Nov 9, 2008

How to set the NLS_LANG in Unix Environments

Subject: The correct NLS_LANG setting in Unix Environments

In this Document
Goal
Solution
References
--------------------------------------------------------------------------------
Applies to: Oracle Server - Enterprise Edition - Version: 8.1.7.4 to 10.2.0.0
Information in this document applies to any platform.
GoalHow to set the NLS_LANG correctly in Unix environments:

-1- Check which locale is set and correct this if needed.
-2- Check if the choosen locale is indeed installed and install this if needed.
-3- Check if you telnet/ssh software is properly set up.
-4- Set the NLS_LANG and Test.
-5- What to do if this is not working?
-6- More in depth debugging.

Solution

-1- Check which locale is set and correct this if needed.
---------------------------------------------------------
Please note that the ouput of this command is not exactly the same on all the Unix environments.
Contact your Unix vendor if you have questions.
The example used here is to configure your unix environment so that you can use Unicode (UTF8) with sqlplus on your unix box.
To see your current setup, use the "locale" command like this:

$ locale

example of output:

LANG=fr_FR
LC_CTYPE="fr_FR.iso885915@euro"
LC_COLLATE="fr_FR.iso885915@euro"
LC_MONETARY="fr_FR.iso885915@euro"
LC_NUMERIC="fr_FR.iso885915@euro"
LC_TIME="fr_FR.iso885915@euro"
LC_MESSAGES="fr_FR.iso885915@euro"
LC_ALL=fr_FR.iso885915@euro

Most Unix versions have this as default:
$ locale

LANG=
LC_CTYPE="C"
LC_COLLATE="C"
LC_MONETARY="C"
LC_NUMERIC="C"
LC_TIME="C"
LC_MESSAGES="C"
LC_ALL=

"C" means US7ASCII , this implies that you can only display a-z, A-Z and 0-9 and nothing else.

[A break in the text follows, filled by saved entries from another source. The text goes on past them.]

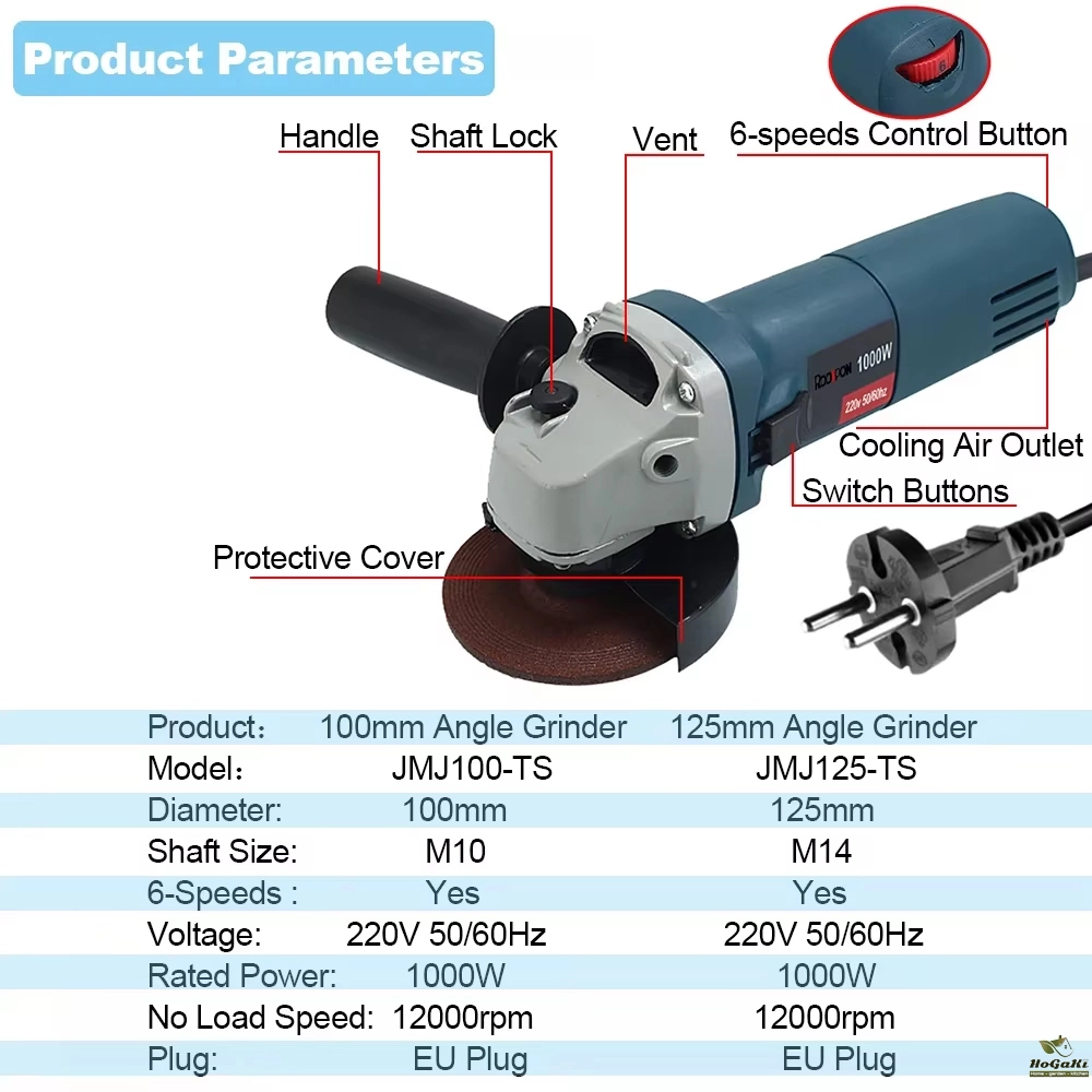 Electric Goddess DCG406 100/125MM Brushless Motor Electric Angle Grinder Metal/Wood Cutting Power Tool For Dewalt 20V Battery
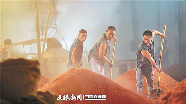 国威酒业生产车间内,工人正在下沙。卢世容 摄
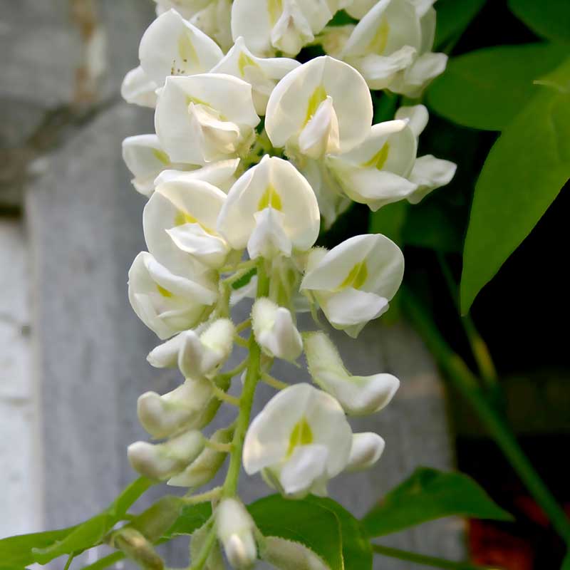Om du vill ha ett vitt blåregn men bor i en zon där de asiatiska sorterna fryser bort, eller om du helt enkelt vill ha en planta som är mer lättskött och pålitlig, är detta valet för dig. Den kombinerar de långa klasarna från de asiatiska sorterna med den amerikanska härdigheten.
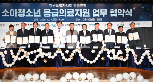 강원특별자치도와 강릉아산병원, 평창군을 포함한 9개 시·군이 함께하는 '영동권역 소아청소년 응급의료 지원' 업무협약식이 4일 강릉아산병원 강당에서 김진태 강원특별자치도지사, 심재국 평창군수, 유창식 강릉아산병원장을 비롯한 시·군 지자체장 및 관계자들이 참석한 가운데 열렸다.

We recommend to use UTF-8 when possible, this should look like:

$ locale

LANG=en_US
LC_CTYPE="en_US.UTF-8"
LC_COLLATE="en_US.UTF-8"
LC_MONETARY="en_US.UTF-8"
LC_NUMERIC="en_US.UTF-8"
LC_TIME="en_US.UTF-8"
LC_MESSAGES="en_US.UTF-8"
LC_ALL=en_US.UTF-8

When you have choosen a value, for example "en_US.UTF-8" on Linux, you can set it like this:

$ export LC_ALL=en_US.UTF-8
or
% setenv LC_ALL en_US.UTF-8

However you should set the needed variables in the user ".profile" file and then log out an in agian and check if the "locale" command returns the wanted output.
If you have questions on how to configure a user environment on your specific Unix/Linux flavor please consult your OS vendor.

-2- Check if the choosen locale is indeed installed and install this if needed.
-------------------------------------------------------------------------------
Please *do* check that you have the defined locale really installed.
To see all installed locales issue:
$ locale -a
sample output:
$ locale -a
POSIX
common
en_US.UTF-8
C
iso_8859_1
iso_8859_15
en_CA
en_CA.ISO8859-1
en_US
en_US.ISO8859-1
en_US.ISO8859-15
en_US.ISO8859-15@euro
fr_CA
fr_CA.ISO8859-1
th
th_TH
th_TH.TIS620
ja

This lists all installed locales for the unix box, for example "fr_FR.iso885915@euro" is missing in the list, so if you want to use it then you need to install this first.
If you set the user environment to a locale that is not installed you will not get an error but it will not work.
Please also note that you need to have installed the exact locale , if you have "fr_FR.UTF8" or "UTF-8" installed but want to use "en_US.UTF8" you need to install "en_US.UTF8".
In the example you see that "en_US.UTF-8" is listed , so we can use it on this server.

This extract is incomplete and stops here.